Mark, do you view the Metal tessellation pipeline as tailored to AX GPUs? I'm wondering, since I'm not aware of different tessellation pipelines in Vulkan that would depend on desktop vs mobile GPUs.
Apple merely justified their approach with a "clean sheet" argument, and implied they did it for the sake of simplicity (not simplicity of porting from DX, obviously).
Exposing the DX hull/geometry/domain shader stages requires lots of shader compilation work to occur at draw call time on DX11/GL *or* pipeline construction time on Vulkan/DX12 (emphasis for clarity - it is one or the other and depends on the API which it is). All the vendors have to move some code between the different stages to suit their hardware to make it *appear* that these stages are independent when really they aren’t.
AMD, Intel and all mobile GPUs I am aware of internally require that the first stage of tessellation be dealt with separately - the vertex/hull stage that Apple require be implemented as compute - and for the data to be exported to VRAM for later consumption by subsequent stages. Nvidia’s hardware is a little bit cleverer but I don’t really understand the whys and wherefores.
In other APIs AMD and Intel can break a single draw call into small chunks that are processed using a small amount of VRAM/cache to do this vertex/hull work and then switch to consuming it in the “domain” shader stage. This means the developer doesn’t have to care about providing scratch buffers for the intermediate data that are large enough for the draw call. It *appears* just like the Nvidia card, only a bit slower.

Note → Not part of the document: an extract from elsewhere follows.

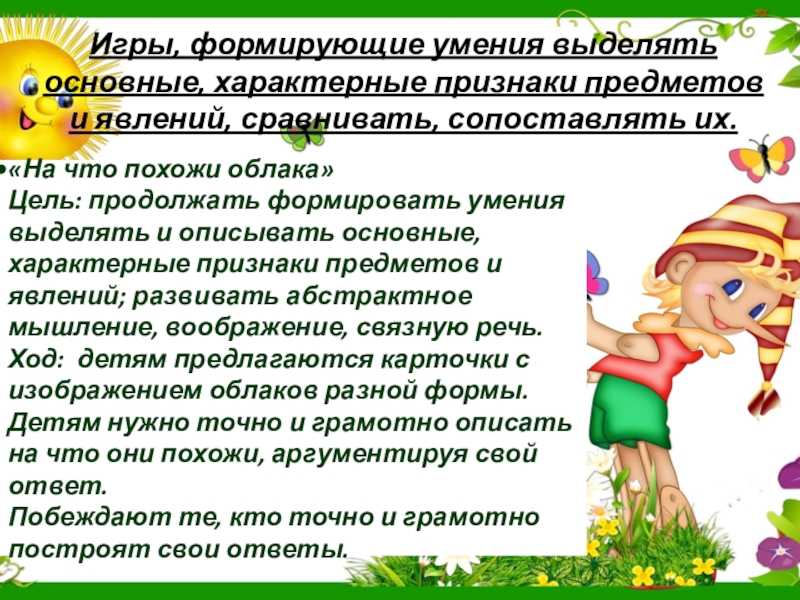 Цель: продолжать формировать умения выделять и описывать основные, характерные признаки предметов и явлений; развивать абстрактное мышление, воображение, связную речь.
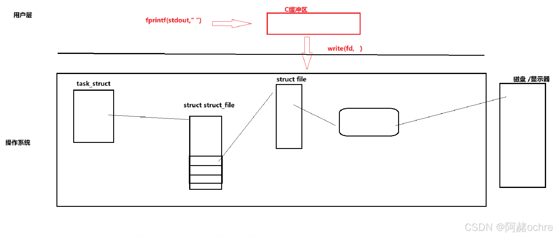 那这个用户级缓冲区谁提供呢? printf fwrite 是库函数, write 是系统调用,库函数在系统调用的“上层”, 是对系统 调用的“封装”,但是 write 没有缓冲区,而 printf fwrite 有,说明该缓冲区是二次加上的,由C标准库提供

Mobile GPUs *can’t* usually do that as they process ALL geometry before processing any pixels. So they need to store all the intermediate data for all draw calls for the duration of the render pass. That consumes a lot of memory but Khronos and Microsoft are looking for consistency and continuation of the API to enable developers - so the hardware vendors either fix the hardware, swallow the memory cost or don’t implement tessellation.
Apple didn’t want to do this as they design Metal with a philosophy of exposing all the costs and problems to developers, sometimes this puts them at odds with industry standards and norms. It suits Apple’s hardware and it functions adequately on AMD. The problem is that it was decision that didn’t reflect the potential future and I expressed that at the time. It closes off an avenue of rendering development to use fully GPU driven rendering where the GPU alone decides what to render and encodes all the necessary draw commands. Apple’s approach needs the CPU to know every detail of what’s going on to allocate temp buffers and separate the issuing of dispatch and draw calls when they are one draw call on all other APIs.